BEGIN Source data

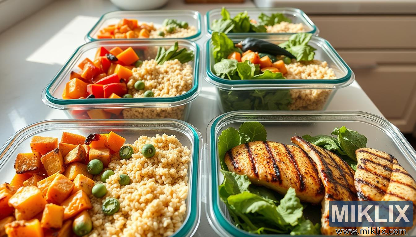 Siististi järjestetyissä lasiastioissa on paahdettuja vihanneksia, viljoja, vihreitä ja grillattua kanaa, jotka auringonvalo korostaa tuoretta ja eloisaa aterianvalmistusta varten.
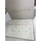 Lenzuola 100% cotone. Misura da carrozzina composto da lenzuola sotto con angoli, lenzuolo sopra con ricamo e fodera per cuscino !
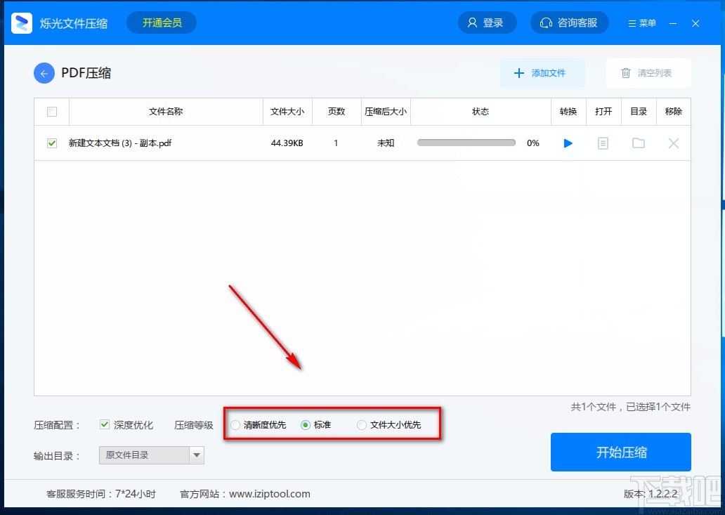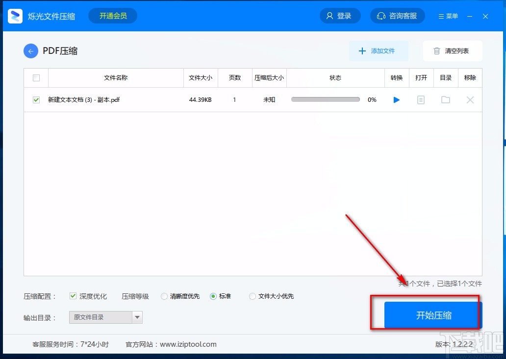 7.完成以上所有步骤后,我们在界面右下角找到蓝色的“开始压缩”按钮,点击该按钮就成功压缩PDF文件了。
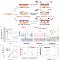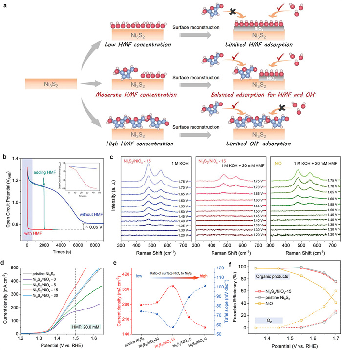More recently, Huang and coworkers also systematically investigated the influence of surface reconstruction of Ni-based catalysts on the electrocatalytic performance of HMFOR [131]. They have constructed a series of Ni3S2/NiOx-n catalysts. By controlling the extent of Ni3S2 surface reconstruction, the ratio of Ni3S2 and NiOx in the Ni3S2/NiOx-n catalyst can be effectively tuned (Fig. 14a), thereby equilibrating the rival adsorption of HMF and OH-. Profiting by the optimal adsorption of these two reactants, the Ni3S2/NiOx-15 catalyst exhibited excellent HMFOR performance (366 mA/cm2 at 1.5 V) and a FE of 98% for FDCA (Figs. 14b and c). Additionally, it is also uncovered that the adsorption of SO42− on the Ni3S2/NiOx surface facilitates the oxidation of NiO to NiOOH and the adsorption of intermediates in HMFOR, promoting the continued enhancement of catalytic performance (Figs. 14d–f).

END Source data

Write out exactly the lines from the line that contains "Lenzuola 100% cotone." to the last line of the material above, both included; pictures do not belong in the copy.

 Lenzuola 100% cotone. Misura da carrozzina composto da lenzuola sotto con angoli, lenzuolo sopra con ricamo e fodera per cuscino !
 7.完成以上所有步骤后,我们在界面右下角找到蓝色的“开始压缩”按钮,点击该按钮就成功压缩PDF文件了。
More recently, Huang and coworkers also systematically investigated the influence of surface reconstruction of Ni-based catalysts on the electrocatalytic performance of HMFOR [131]. They have constructed a series of Ni3S2/NiOx-n catalysts. By controlling the extent of Ni3S2 surface reconstruction, the ratio of Ni3S2 and NiOx in the Ni3S2/NiOx-n catalyst can be effectively tuned (Fig. 14a), thereby equilibrating the rival adsorption of HMF and OH-. Profiting by the optimal adsorption of these two reactants, the Ni3S2/NiOx-15 catalyst exhibited excellent HMFOR performance (366 mA/cm2 at 1.5 V) and a FE of 98% for FDCA (Figs. 14b and c). Additionally, it is also uncovered that the adsorption of SO42− on the Ni3S2/NiOx surface facilitates the oxidation of NiO to NiOOH and the adsorption of intermediates in HMFOR, promoting the continued enhancement of catalytic performance (Figs. 14d–f).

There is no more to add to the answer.